Thank heaven for the adorable door guys at Bootie, who swore I'd borrowed my older sister's ID. Otherwise I'd be feeling pretty old right now. After answering "34" to people who ask my age (which surprisingly frequent faux pas I take in the same spirit as being carded at the grocery store) for the past few months, in preparation, now that it's finally real I think it sounds kind of sexy.
Or at least a lot less Messianic.
Insertive or receptive, it's All Anal August!
August (is) "Anal Sex month" because, as spokeswoman Niki Khanna says, "the month has a lot of A's."
Acutally that'd be January. Maybe they should have made August urophilia month, instead.
Hie thee to gape at
Cardhouse's Compendium of Toys in Japan
Dear Brian:
Before you make a video depicting your own faked beheading as publicity for your run for SF city council, please be sure to shave your back.
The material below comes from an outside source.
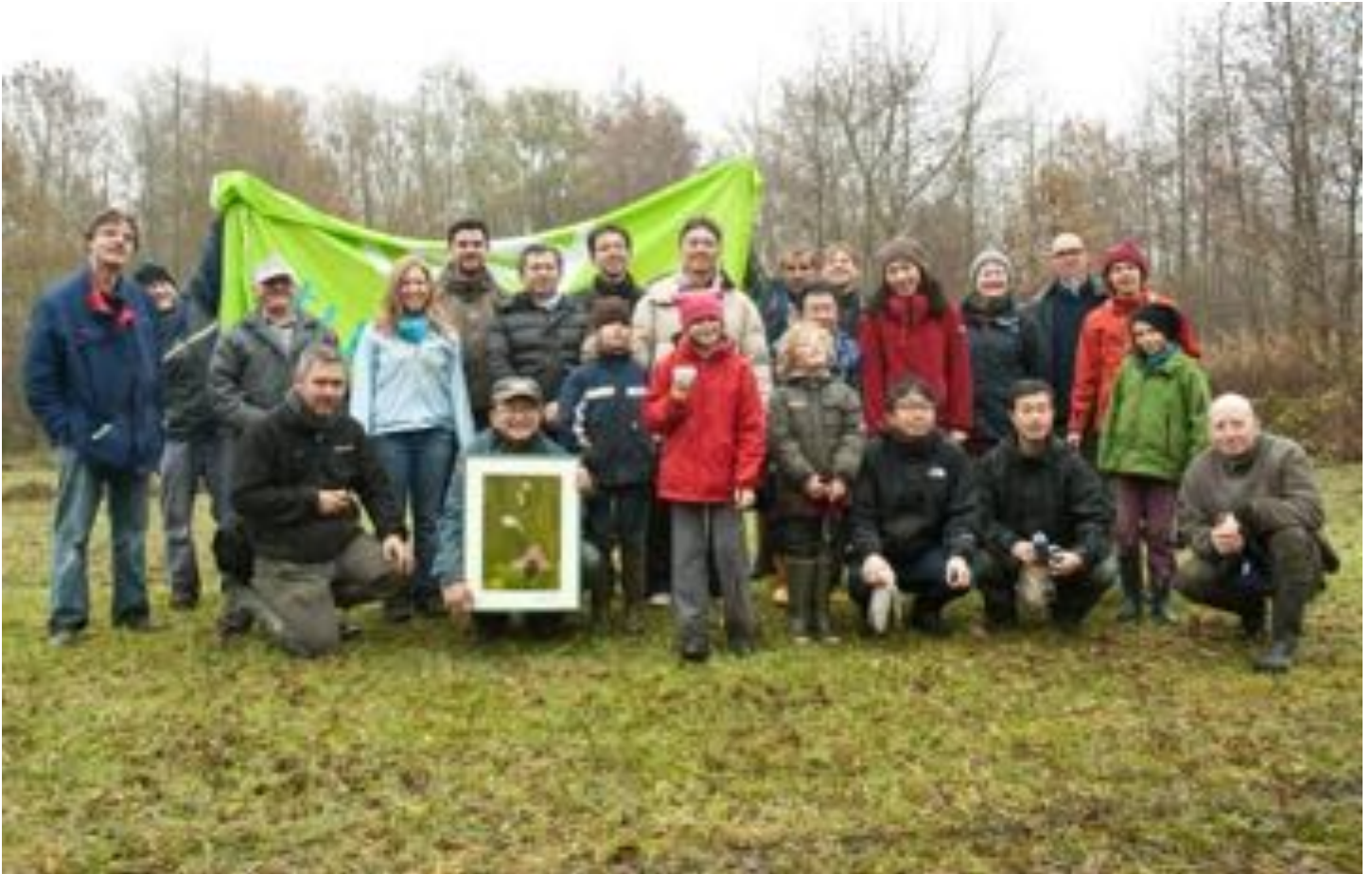
Groepsfoto (Maarten Vandervelpen)

De werkdag werd afgesloten met een groepsfoto voor het archief en de krant, een soepje, een broodje en drank.

And move the computer off the floor, away from your creepy little bed that sits on on the creepy little rug on top of that godawful w/w carpet. Your fake death was bad; the life shown here is almost as disturbing.
Looks like Rick James is permanently high in the sky.
Steven Landsburg... suggests that one way to deal with the threat of terror at airports is to systematically search every Arab and then compensate him/her $100 for "oh, 15 minutes or so of answering questions."
Good heavens. 15 minutes? Of answering questions? Right.
$100? Even if there was a budget for these craven nationalists' "your skincolor freaks me out (and don't think we're letting you into the aircraft toilet, buddy)" payoffs, who would administer it, and how? It sounds like Stephen Landsburg's been drinking James "the country will look 'like one big Detroit'" Hart's Kool-Aid.
Ash has been shopping underground, and under pieces of rotting wood, for just the perfect gift to bring home to mommy and daddy. This is the third one this week. At least this one had all three body segments, and wasn't glued to the bedroom floor by the smear that had once been it's abdomen.
Thanks, Ash.
Good kitty.
Listen to David Hasselhof and Pingu Do the Pingu
Or, you know, don't.
No, do. Do it now.
The Speaker of the House will push for replacing the nation's current tax system with a national sales tax or a value added tax. "I say I think that's a great thing to do for future generations of [2% of] Americans," [said] Speaker of the House Dennis Hastert. [,,,] these changes are critical to our economic vitality and our [wait for it] security abroad," Hastert declares in [his new book. woo.].
Went to a screening of The Village last night. I'm not sure I could be more annoyed even if we'd paid to see this annoying, arrogant, sloppily constructed, preposterously revealed oh-golly-a-twist-but-where-the-hell-is-the story blockbuster-ly cast piece of utter dreck. In all of Shyamalan's interviews he goes on and on about how clever he is, and how all of his work is about creating some twist then piecing together a story around that in order to dupe the rubes in the audience. The twist here is a meta-contrivance (it's artificial! it's manufactured! right there in the movie!) that's evident from the very first scene, and which is completely unsupportable if you waste three seconds trying to buy it as a premise. Even before its revelation the poor thing is kicked around and brutally mocked by stiff putrid dialogue, and the method of said reveal is so excruciatingly bad as to break the cardinal rule of filmmaking. We went to this free screening figuring we couldn't hate it that much, not with such a great cast and with what we'd heard was lovely photography. Turns out we could. I want my $0 back.